#### DESCRIPTION OF THE TASK
Each line below from the one containing "Geleneksel panjur kapak" through the one containing "eTT/DDR4 16Gb 3200自4月以来分别涨价220%/116%/567%。" is to be given again exactly, and no line outside that span.

#### RECORDS TO USE

____

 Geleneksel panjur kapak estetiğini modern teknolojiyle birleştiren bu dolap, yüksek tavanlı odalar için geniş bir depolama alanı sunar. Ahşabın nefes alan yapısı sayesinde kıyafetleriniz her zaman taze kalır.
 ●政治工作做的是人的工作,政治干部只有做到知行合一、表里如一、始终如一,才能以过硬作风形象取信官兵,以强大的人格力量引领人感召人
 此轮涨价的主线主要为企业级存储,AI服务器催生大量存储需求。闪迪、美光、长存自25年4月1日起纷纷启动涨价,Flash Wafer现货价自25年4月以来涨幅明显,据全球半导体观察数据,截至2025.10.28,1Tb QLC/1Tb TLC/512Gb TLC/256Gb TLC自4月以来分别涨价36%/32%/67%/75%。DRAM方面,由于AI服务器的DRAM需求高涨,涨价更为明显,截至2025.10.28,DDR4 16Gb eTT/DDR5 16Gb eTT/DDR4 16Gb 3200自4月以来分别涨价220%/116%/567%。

____

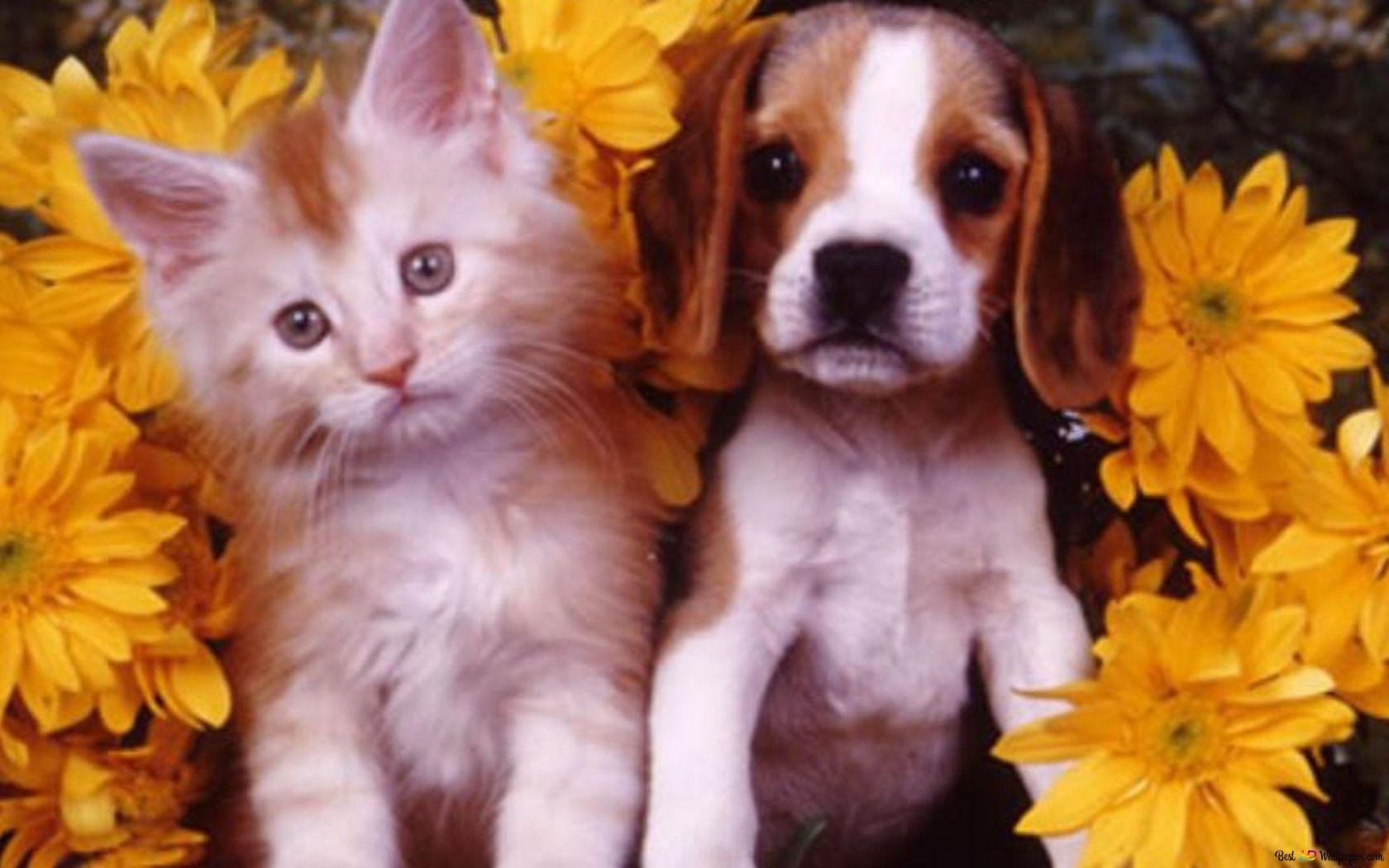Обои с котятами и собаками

____

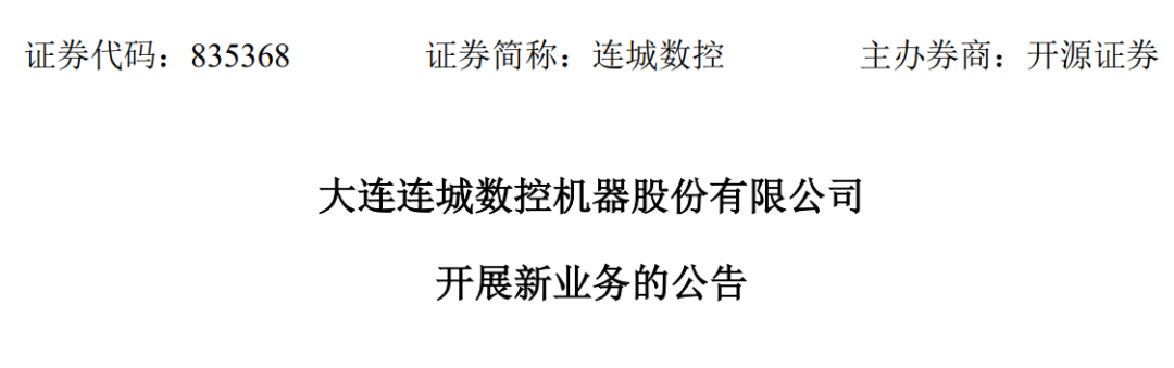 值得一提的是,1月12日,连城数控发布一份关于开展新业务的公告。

____

#### SOLUTION FOR THIS TASK
 Geleneksel panjur kapak estetiğini modern teknolojiyle birleştiren bu dolap, yüksek tavanlı odalar için geniş bir depolama alanı sunar. Ahşabın nefes alan yapısı sayesinde kıyafetleriniz her zaman taze kalır.
 ●政治工作做的是人的工作,政治干部只有做到知行合一、表里如一、始终如一,才能以过硬作风形象取信官兵,以强大的人格力量引领人感召人
 此轮涨价的主线主要为企业级存储,AI服务器催生大量存储需求。闪迪、美光、长存自25年4月1日起纷纷启动涨价,Flash Wafer现货价自25年4月以来涨幅明显,据全球半导体观察数据,截至2025.10.28,1Tb QLC/1Tb TLC/512Gb TLC/256Gb TLC自4月以来分别涨价36%/32%/67%/75%。DRAM方面,由于AI服务器的DRAM需求高涨,涨价更为明显,截至2025.10.28,DDR4 16Gb eTT/DDR5 16Gb eTT/DDR4 16Gb 3200自4月以来分别涨价220%/116%/567%。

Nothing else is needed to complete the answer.